Over on team Venture, Zoe turns up at a rather chic interiors shop, wearing the kind of rucksack that Floella Benjamin would call ‘a bit silly’. Oh wait, sorry, that’s the car seat. Either way, the owner couldn’t be less interested. Bah oui.
The next appointment is the big one: La Redoute. Famous international catalogue and retail brand. To whom Natasha and Tom would like to sell a number of teapot lights. Any by ‘number’ I mean ‘ten’. That’s, what, one per every ten thousand customers? At least Natasha backs up this blinding bit of business pitching by explaining to the board that here in England we like to eat crockery at dinner parties and make scones out of bones.
The fact that Melody can actually talk to people in Paris is making her look like Popeye at a Mr Muscle casting, while Tom is wishing people on the phone a “Bonne holiday.

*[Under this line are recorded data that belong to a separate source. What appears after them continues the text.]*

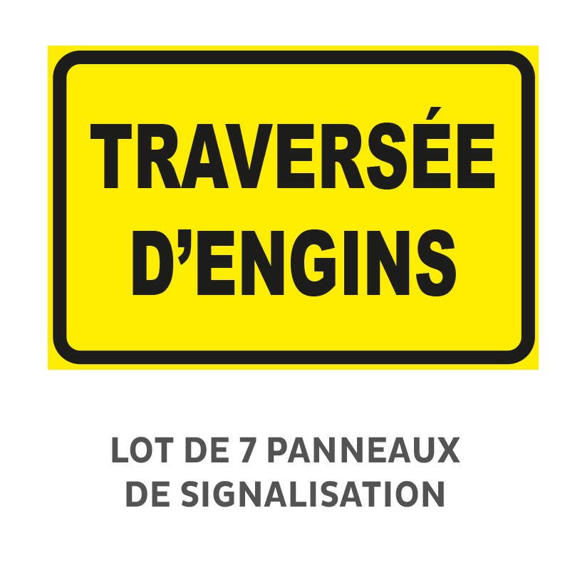 Lot de 7 Panneaux "traversée d'engins" Akilux Recto, en PVC alvéolaire 3,5 mm 650 gr/m² qui assure une excellente rigidité en gardant de la souplesse pour s'accorder à de légers arrondis (affichage sur barrière, courbes, clôtures, poteaux, ...).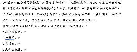 【第六题】系统流程图是指在一个系统中确定整体和主要的运营流向,说明输入的产出、输入的次序、处理模式及输出的形式或内容。程序流程图:主要是甶系统开发人员使用,与系统流程图类似,更关注详细的处理功能。而文件流程图:用于列出应用系统中所使用的所有文档并确定这些文档组织、分步和最终处置的控制点。文件流程图形象化地展示了文件(如送货单复印件)在不同部门间的流转,是一种有效方法。我觉得这道题目不严谨,如下图铺垫了很久文件流转的直接选D没问题。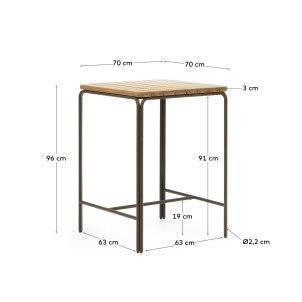 Table haute d'extérieur Salguer - bois acacia massif pied acier marron L 70 x P 70 cm

Ciao.” Finally – and I’ve honestly been waiting all season for this – the Apprentices’ frankly baffling habit of holding their phones out from their chins like little spittoons finally results in Tom making a total cobblers of his call. That’s right – he drops it on the medieval street.
Back in the boardroom, Leon moans that Melody rather took over as team leader: “She was speaking French of which I cannot speak.” Although he does appear to speak fluent 16th Century. Natasha, meanwhile, spends the entire boardroom meeting wincing silently, like someone having a lemon squeezed through their knickers.
Despite Melody’s teapot turnover for Logic, the mighty Helen managed to land an order of over 214,000 Euros for their booster seat backpacks. In the words of the talking tortoise, “This isn’t just a loss. This is an annihilation.”
So, Venture is off to get some flying lessons. Look out for the bit where Helen swoops over Susan’s plane, windscreen-to-windscreen, flipping the bird, Top Gun-style. It’s quite a sight.
Back in the boardroom, Tom takes Melody and Leon in for a thorough drubbing, leaving Natasha to slink home and iron her face.
“Did you research La Radoute or not? That is my question,” barks Lord Sucre, leaving the soliloquy of Hamlet in smouldering ruins around him. In fact, Lord Sugar is finding it hard to see what Leon did at all during his trip to Paris. Which is exceptionally dense because as anyone watching this boardroom interlude can see, Leon spent most of his time in Paris buying pink lipgloss. The man’s mouth is shimmering like a pearl, for chrissakes.
Melody is let off the hook, thanks to her Tiger-like ability to communicate outside of the M25, leaving it a choice between Tom and Leon. Can I be honest with you readers? I genuinely think that, up until this moment, I hadn’t quite realised that Tom and Leon were two separate men. I think all I ever saw was a miasma of flopping brown hair, Neolithic eyebrows and stuttering ineptitude.
But anyway, Lord Alanstrad manages to tell them apart for just long enough to give Leon the finger. So it’s back to the Shire for him, I’m afraid. Bye bye Dildo Baggins. Bye bye.